Gene Regulation

TRANSFAC^® Release 7.0 - Documentation

Site

As outlined above, SITE gives information on individual (putatively) regulatory protein binding sites. In this release, it contains 7915 entries, 6360 of them referring to sites within 1504 eukaryotic genes, the species of which ranging from yeast to human. Additionally, this table comprises 1295 artificial sequences which resulted from mutagenesis studies, in vitro selection procedures starting from random oligonucleotide mixtures or from specific theoretical considerations. And finally, there are 260 entries with consensus binding sequences given in the IUPAC code, many of them being taken from the compilation of Faisst and Meyer (Nucleic Acids Res. 20:3-26, 1992). The symbols used in addition to A, C, G, or T for these consensi are:

W	= A or T	S	= C or G
R	= A or G	Y	= C or T
K	= G or T	M	= A or C
B	= C, G, or T	D	= A, G, or T
H	= A, C, or T	V	= A, C, or G
N	= A, C, G, or T

A number of consensi have been generated by the TRANSFAC^® team, generally derived from the profiles stored in the MATRIX table.

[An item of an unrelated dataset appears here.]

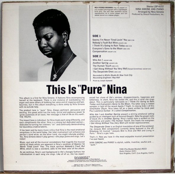 To have come within sight of a possible future and to have come only to this silence of defeat. And in that silence to sit down, without a band, without those musicians of whom she’d say ‘they are an extension of me or they don’t play with me’, to sit down without them, in RCA’s Studio B in New York, alone again naturally. To reach out one hand, and then another, to engage with the keyboard and then, as was now expected, to add voice, to proclaim the words of others and make them her own. It shouldn’t have been surprising but it was. This was something she hadn’t been given a chance to do before, to let out into the world a set of songs delivered by just Nina Simone and piano. No wonder that, in that era of gushing LP liner notes, disc jockey Tom Reed would claim that here, as if for the first time, record buyers could consume ‘pure Nina’.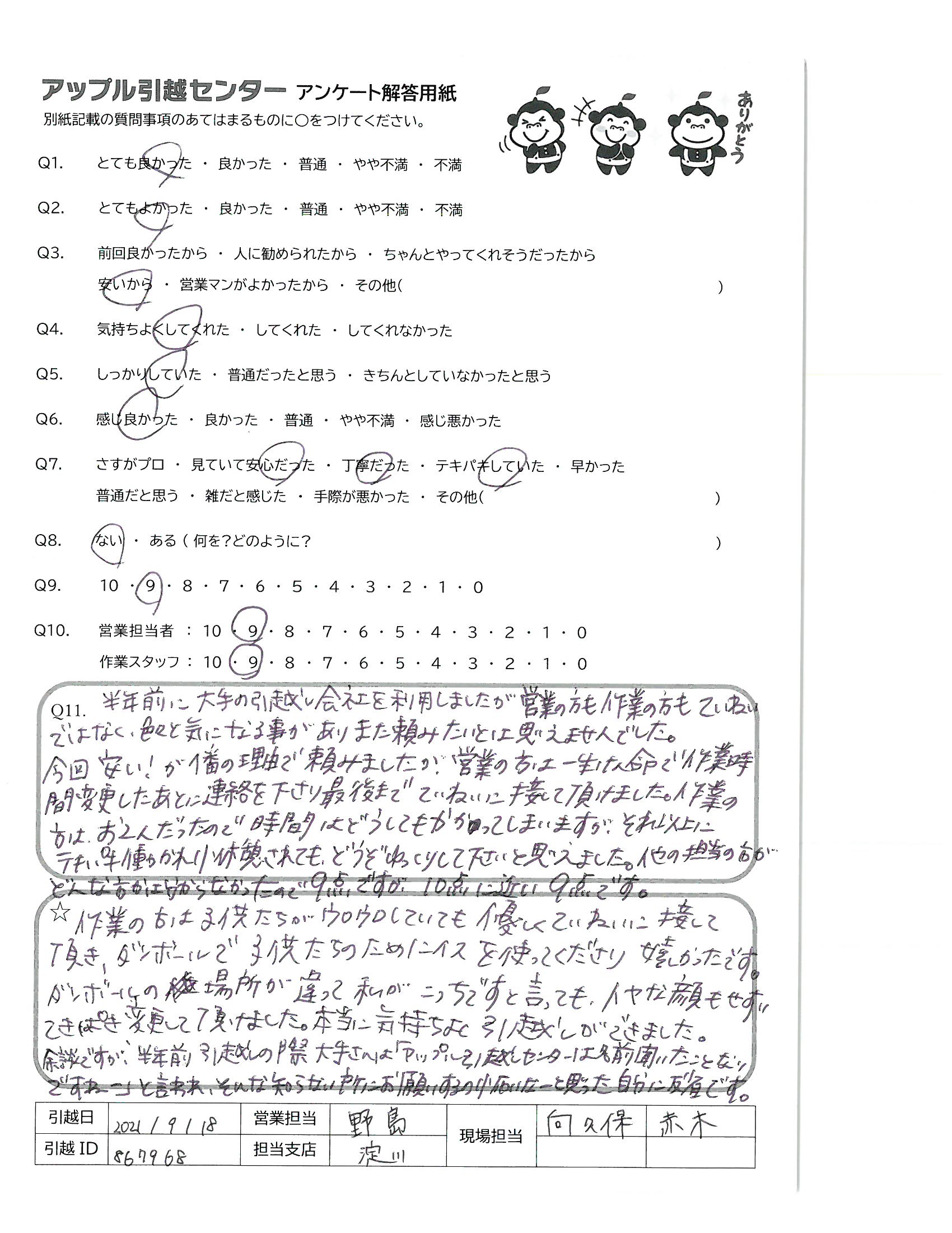 引越し日:2021年09月18日 エリア:神奈川県川崎市宮前区

Here, the use of degenerate codes follows the following rules (adapted from Cavener, Nucleic Acids Res. 15:1353-1361, 1987): a single nucleotide is shown if its frequency is greater than 50% and at least twice as high as the second most frequent nucleotide. A double-degenerate code indicates that the corresponding two nucleotides occur in more than 75% of the underlying sequences but each of them is present in less than 50%. Usage of triple-degenerate codes was restricted to those positions where one of the nucleotides did not show up at all in the sequence set and none of the afore-mentioned rules applies.

Collectively, SITE contains 6321 sequences with 116035 nucleotides.